VALERIE P. COOKE, Magistrate Judge.
This Report and Recommendation is made to the Honorable Miranda M. Du, United States District Judge. The action was referred to the undersigned Magistrate Judge pursuant to 28 U.S.C. § 636(b)(1)(B) and LR IB 1-4. Before the court is defendants' motion to enforce settlement agreement (ECF No. 17), which plaintiff opposed (ECF No. 21), and to which defendants replied (ECF No. 23). Having thoroughly reviewed the record and papers, the court hereby recommends that the defendants' motion to enforce settlement be granted.
John David Pamplin ("plaintiff") is an inmate in the custody of the Nevada Department of Corrections ("NDOC") and was incarcerated at Northern Nevada Correctional Center ("NNCC") at the time of the alleged events. (ECF No. 4.) Plaintiff generally alleges that NNCC prison officials deprived him of his personal property, which included items that are necessary to his religious exercise. (See id.) The court issued a screening order and allowed plaintiff to proceed on a First Amendment Free Exercise claim and a claim brought under the Religious Land Use and Institutionalized Persons Act of 2000 ("RLUIPA"). (ECF No. 3.)
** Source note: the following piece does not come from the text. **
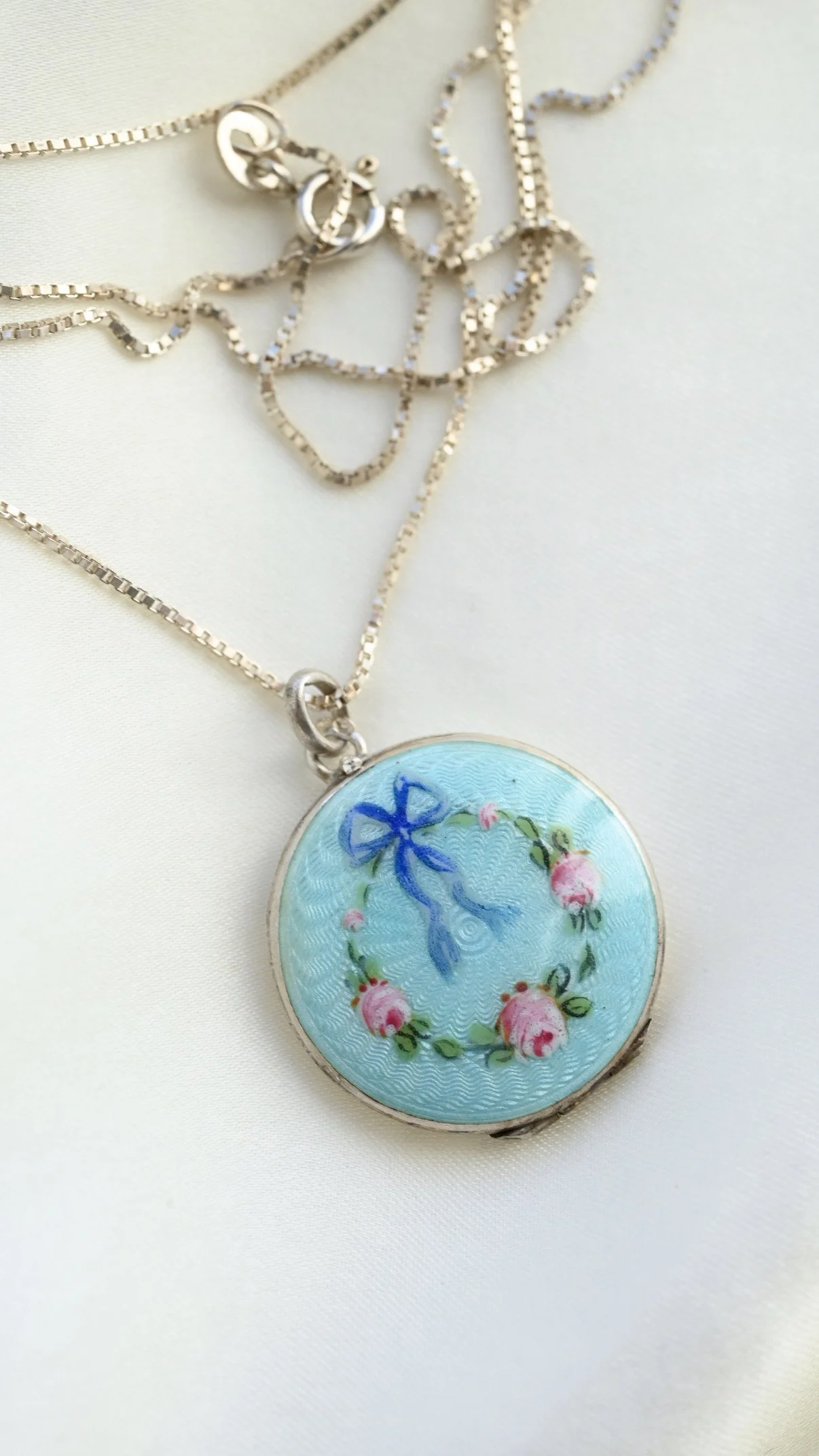 She is an absolute pastel dream. A delicate silver locket from the late 1800s, wrapped in the softest powder blue guilloché enamel and adorned with a hand-painted wreath of pink roses tied up with a little blue bow. The fine wave-like pattern under the enamel gives her a glow that changes with the light, and that dainty floral motif is so charming it could melt anyone’s heart.

On January 9, 2018 the parties participated in early mediation as part of the District of Nevada's early inmate mediation program, and were able to reach a settlement. (See ECF No. 12.) The parties agreed that this court would retain jurisdiction of this matter during finalization of the settlement agreement, and the parties were to submit a stipulation and dismissal with prejudice to the court no later than February 9, 2018. (Id.)
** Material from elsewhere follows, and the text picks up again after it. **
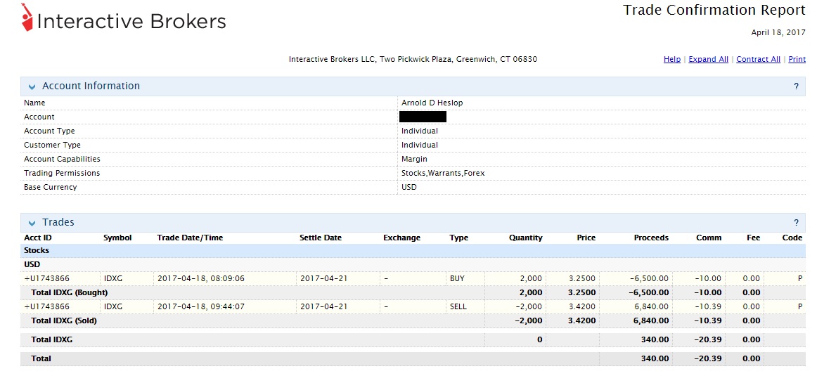 Happy with this trade albeit that it wasn't perfect and left plenty of money on the table. Long 2K IDXG @ 2.25 on news that United Health is going to cover IDXG's cancer test. Was confidant in the news but less than perfect entry @ 2.25 plus the fact that I needed to go catch a plane meant I took my profits prematurely. Exited @ 2.42 for a $340 profit. 10 minutes more patience would have been $1,600 more profitable and I would have still caught my plane. Thank-you Timothy Sykes and the market.
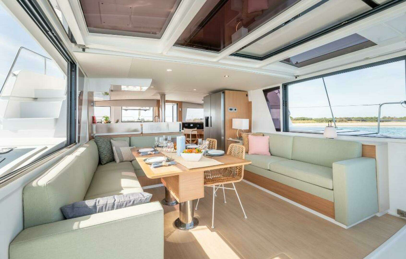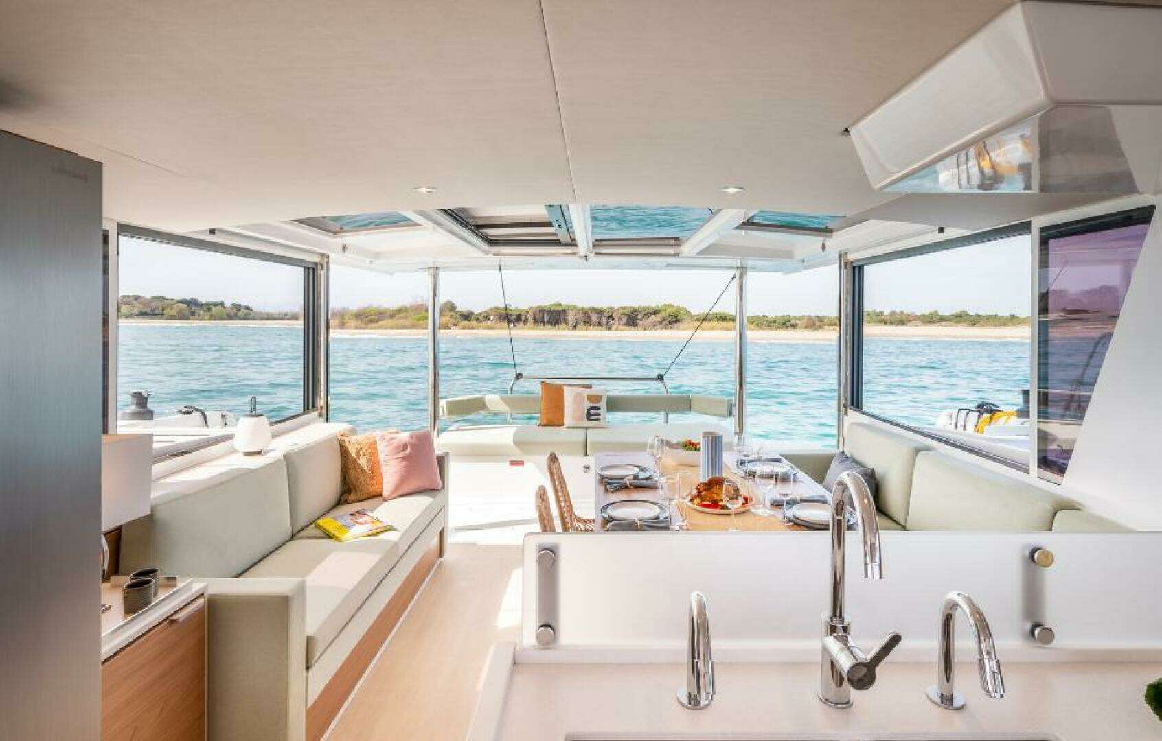 Even completely open-plan, each interior space is perfectly defined. The large “L” shaped kitchen, the maxi saloon/ lounge for 10 to 12 guests and the large chart table are models of ergonomics and comfort. The decoration is warm and refined. A totally open space bathed in light with panoramic sea views!

At the conclusion of the January 9, 2018 early mediation, the parties convened in open court to establish on the record the terms of the settlement agreement. (See ECF No. 12.) The agreement reached between the parties was conditional on defendants' counsel sending plaintiff an itemized breakdown of plaintiff's NDOC institutional debt for plaintiff's review. (Id.; see also ECF Nos. 13, 14.) Specifically, the parties agreed that Deputy Attorney General Joshua M. Halen would obtain an itemized breakdown of plaintiff's NDOC debt for plaintiff's review. After plaintiff received his itemized breakdown, he would review the breakdown for any discrepancies and raise those concerns with defendants' counsel. (ECF No. 12.) After reviewing the breakdown, if he found no discrepancies with the calculation of his debt, then the settlement agreement would be executed and enforceable. (Id.) This was the only condition of the settlement agreement. (Id.)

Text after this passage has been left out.